G’day
Back in the '70s there was a study that found that people who eat olive oil in quantity (such as the populations of southern Italy and southern France) suffer markedly less hardening of the arteries than people who eat similar diets with butter in place of the olive oil (such as the populations of northern Italy and northern France). Butter contains only saturated fats, and olive oil contains mono-unsaturated fats. People guessed that this was the reason, and further leaped to the conclusion that if mono-unsaturated fat is good, polyunsaturated must be better. That is the extent of the evidence that margarine is healthy.
It has since turned out tha the real reason that olive oil suppresses arterial disease is that it contains the essential fatty acid lineoleic acid (7%). Most dieticians have paid no attention. Some other vegetable oils contain even higher proportions (safflower oil 79%, sunflower oil 69%, sesame 41%, peanut 29%). But others contain alpha-linoleic acid, which promotes arterial disease, hypertension, and type II diabetes. These include flaxseed (57% alpha-LA), canola (10%), walnut (7%), and corn oil (2%). On this basis, it would seem that margarines made out of some oils might be good for your arteries, and margarines made out of others (eg. flaxseed oil, canola oil) might be very bad for them.
Now, margarine is generally made out of plant oils by a chemical reaction that transforms their fatty acids from cis- configurations that are liquid at room temperature to isomers with a trans- configuration that are solid at room temperatures. No natural food contains trans- fatty acids, and we are not adapted by evolution, nor intended by God, to eat them. Recent studies show that trans- fatty acids in the diet cause a significantly elevated rate of several cancers. On these grounds you ought to avoid margarine like poison.
As for butter, it turns out that the elevated rates of heart disease in the French and Italians with the butter diets are caused not by anything in the butter, but by its comparative lack of linoleic acid. If you eat plenty of olive oil on your salad, there is nothing wrong with putting butter on your bread. Moreover, butter consists of saturated fats that cannot undergo any cis- to trans- transformations when heated. So if you are frying or sauteeing, it is safest to use either a vegetable oil with a very high smoke point (eg. olive oil) or a saturated fat such as butter, lard, or dripping.
Now, the process of arteriosclerosis involves cholesterol being laid down in the arteries, and one of the first statistical correlations noted was with high levels of cholesterol in the blood. It seemed, therefore, sensible to reduce cholesterol in the diet. And butter contains cholesterol. This has for twenty years been the chief argument that makes out butter to be unhealthy.

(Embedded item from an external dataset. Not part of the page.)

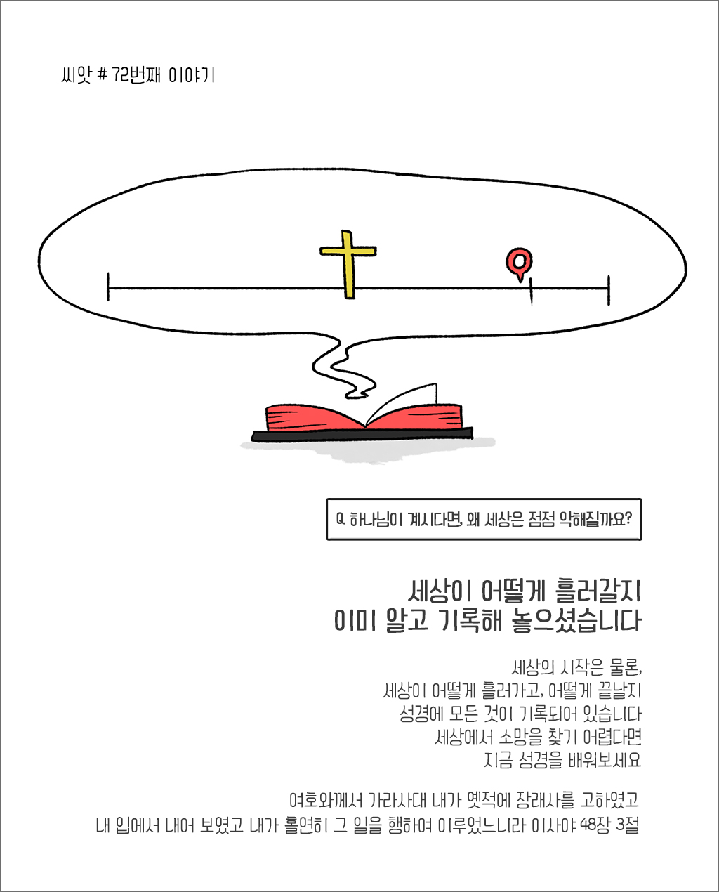 Q. 하나님이 계시다면, 왜 세상은 점점 악해질까요?세상이 어떻게 흘러갈지이미 알고 기록해 놓으셨습니다세상의 시작은 물론,세상이 어떻게 흘러가고, 어떻게 끝날지성경에 모든 것이 기록되어 있습니다세상에서 소망을 찾기 어렵다면지금 성경을 배워보세요

Fortunately, this argument is biochemical nonsense. 80% or more of the cholesterol in human blood is made in the liver, not absorbed from food. If you cut down on cholesterol in your diet, and unless you starve yourself, your liver will simply restore the original level by making more. Moreover, it turns out that cholesterol levels are only a poor indicator of risk for heart disease. Specialist ignore them, and concentrate on the ratio of low-density to high-density lipoproteins.
On balance, there is no reason to believe that butter is unhealthy, unless it is consumed to the exclusion of oils containing linoleic acid. And margarine is at least somewhat carcinogenic (as is the solidified vegetable fat used in frying most fast food).